Answer: The triangle is not right-angled. A coordinate proof must follow the actual calculations.
Intercepts And Areas
The x-intercept is found by setting y=0; the y-intercept by setting x=0. These intercepts can form triangles with the coordinate axes, allowing area calculations.
Worked Example: Triangle With The Axes
Question: The line 2x+3y=12 meets the axes at A and B. Find the area of triangle OAB.

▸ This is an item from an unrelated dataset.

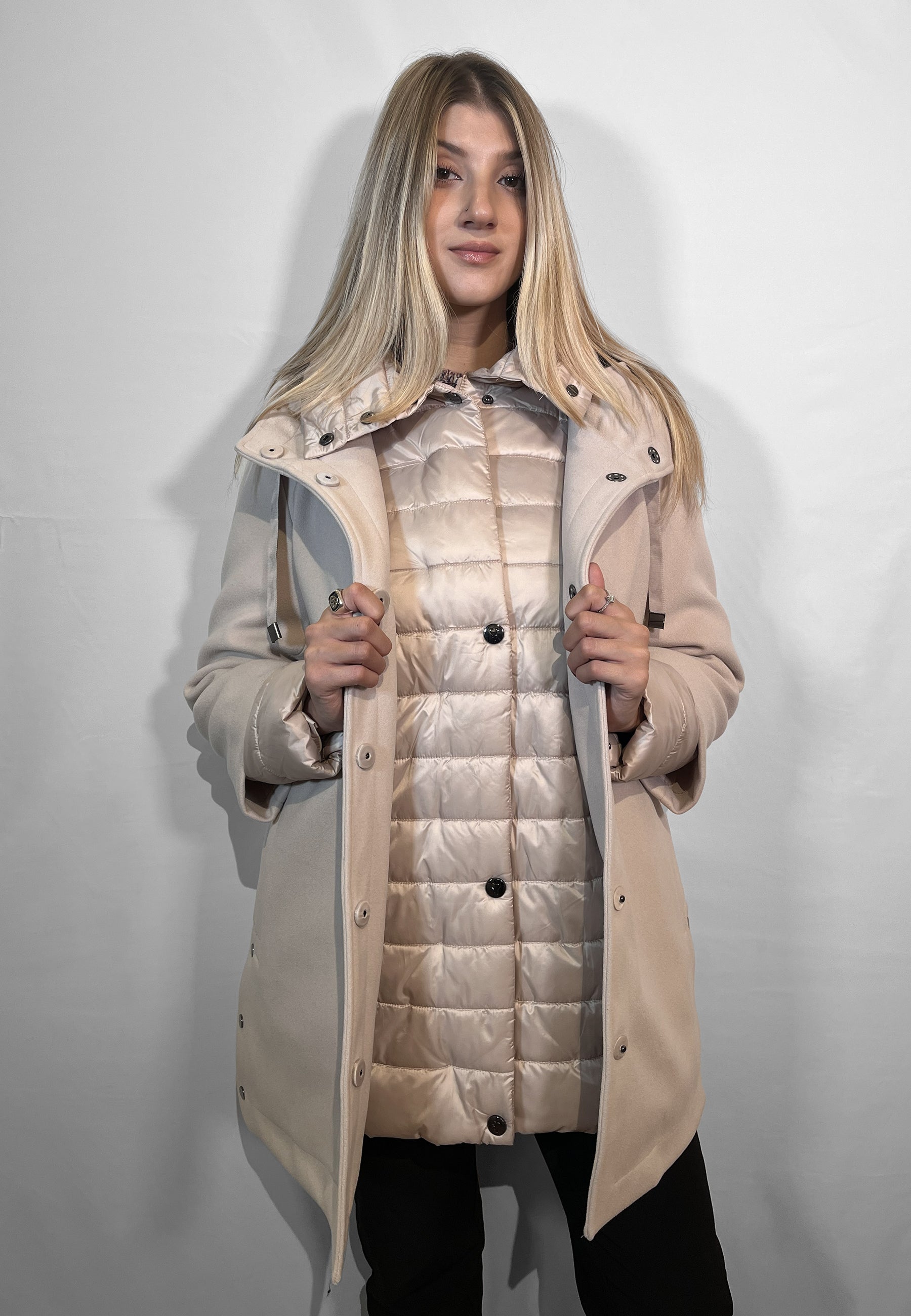 SATINETTE Cappotto 3 in 1 Con Piumino Integrato Sotto ART. LORY LONG 036

- At the x-axis, y=0, so x=6.
- At the y-axis, x=0, so y=4.
- The triangle has perpendicular base 6 and height 4.
- Area =\frac12(6)(4).
Answer: 12 square units.
Examination Guidance
- Rearrange a line into y=mx+c before comparing gradients.
- Keep the order of points consistent in both differences when calculating gradient.
- Give line equations in a fully simplified form.
- For perpendicular bisectors, use both the midpoint and the negative reciprocal gradient.
- Check a line equation by substituting a known point.
Common Mistakes
- Using (x_2-x_1)/(y_2-y_1) for gradient.
- Averaging all four coordinates together instead of averaging x-values and y-values separately.
- Assuming perpendicular gradients are merely negatives rather than negative reciprocals.
- Trying to write a vertical line in y=mx+c form.
- Using a diagram drawn not to scale as proof of parallelism or a right angle.
Knowledge Check And Practice
1. Find the gradient through (-1,4) and (3,12).
2. Find the midpoint of (8,-5) and (-2,7).
3. Find the distance between (1,2) and (7,10).
4. State the gradient of 4x+5y=20.
5. Find the equation of the line with gradient -3 through (2,9).
6. Find the gradient of a line perpendicular to one with gradient 5/2.
7. Find the equation of the horizontal line through (4,-7).
8. Find the equation of the vertical line through (-3,5).